A/N: It's Valentine's Day and I was feeling sappy.
Also gosh, may I just formally apologize for the lack of update on Arbutus? Life's been a bit rough on my end so not much as gotten done but have no worry friends, I have returned.
Please accept this as an apology for now.
Robin doesn't know how to read people, so he reads tomes instead.
He traces his fingers across crisp white pages and whispers words in a language long since lost. Little sparks form on the tips of his fingers, nowhere near strong enough to spark, blossom, and bloom into light; but the thrum is there, a soft constant reminder of what he can create.
Or what he could destroy.
He doesn't want destructive, tainted hands to fall on another person, so he holds books instead. If the pages burn under yellow fire from his touch, then it burns. No one is harmed.
Robin doesn't know how to speak to people, so he speaks to himself instead.
It's those whispered words of old that come off his tongue, with nary a falter or pause, and it should be alarming how a language of heretics is the one that he speaks with ease. It isn't, however, because that's what he is. A heretic. A mistake. A footnote, scrawled at the bottom of the pages and dragged into relevance, sending the world stumbling while it wonders with furrowed brows from whence did he come?
Robin doesn't know how answer that question, so he doesn't. He folds it in on himself and asks why, why, why, without the slightest hint to solve it.
But Shulk told him, on a day when rain threatened to break from the clouds and his hair was dulled without the glow the sun gave him, that this is a mysterious world and not everything needs to be solved.
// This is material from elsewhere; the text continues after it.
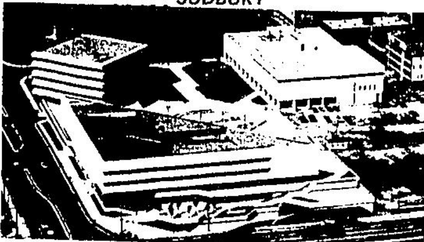
Sudbury's Convention & Visitors Services complex.

Sudbury is very much a "people place" where, in just a few minutes, you can move from the bustling activity of commerce or industry to the solitude of unspoiled lakes and woods. Numerous lakes wholly within the regional municipality provide almost 100,000 acres of water for swimming, boating, fishing, skating, hockey, water skiing, ice fishing and snowmobiling. Trout, pickerel, pike and bass abound in the 30-odd lakes which are readily accessible to the traveller.
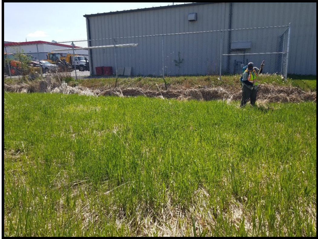
Figure 9: Test pitting in progress (MH1153-D035).

Not everything needs to be known.
But Robin wants, wants so badly to read the secrets buried in blue eyes and trace the stories written into soft smooth skin and speak in a tongue that says everything and yet absolutely nothing. A quiet desperation sets in whenever they're near each other, and a wailing longing bursts out whenever they're apart - the constant tug and pull on his emotions leaves him weak, makes the runes and the paragraphs swirl into unreadable blurs. Slowly his desire to read dwindles until he can barely hold the book in his hands, for he wants to read something entirely different.
He wants a different kind of magic underneath his fingers. The day he's given the opportunity is one when the skies are gray and thunder rolls in the distance. Any moment now, the rainfall would start, as a slow ambush before it turns into a downpour.
But only stray drops are falling and Robin's thirst is for knowledge, so he takes Shulk in his hands and reads.
He trails trembling fingertips over the sharp lines and curves of his face, traces him like he's studying topography. He ghosts them over eyelids that flutter at the slightest touch, brushes against a nose that wrinkles when it's touched and Robin is fascinated, entranced by the little movements because Shulk is a story come to life.
(But there's a whole hidden epilogue buried in pale pink lips, and Robin's tempted to skip to the end.)
Robin's enraptured absorption is stopped by a drop of water, falling from nowhere, splattering against his hand and he threatens in his mind to curse the heavens. He doesn't want to stop, but he doesn't want the ink to run and this is one of those stories you read uninterrupted.
But he's stopped by a hand on his arm, and a laughing command that numbs Robin's mind - it's a plot twist, executed perfectly. He's stopped by blue eyes and a smile brighter than a burst of Elthunder from his fingers, and told that rules are a formality, meant to broken.
So Robin reads, reads like he never has before. Among the patter of rain and rolls of thunder and soft, breathy laughter, he reads a person and finds them far more beautiful than any book.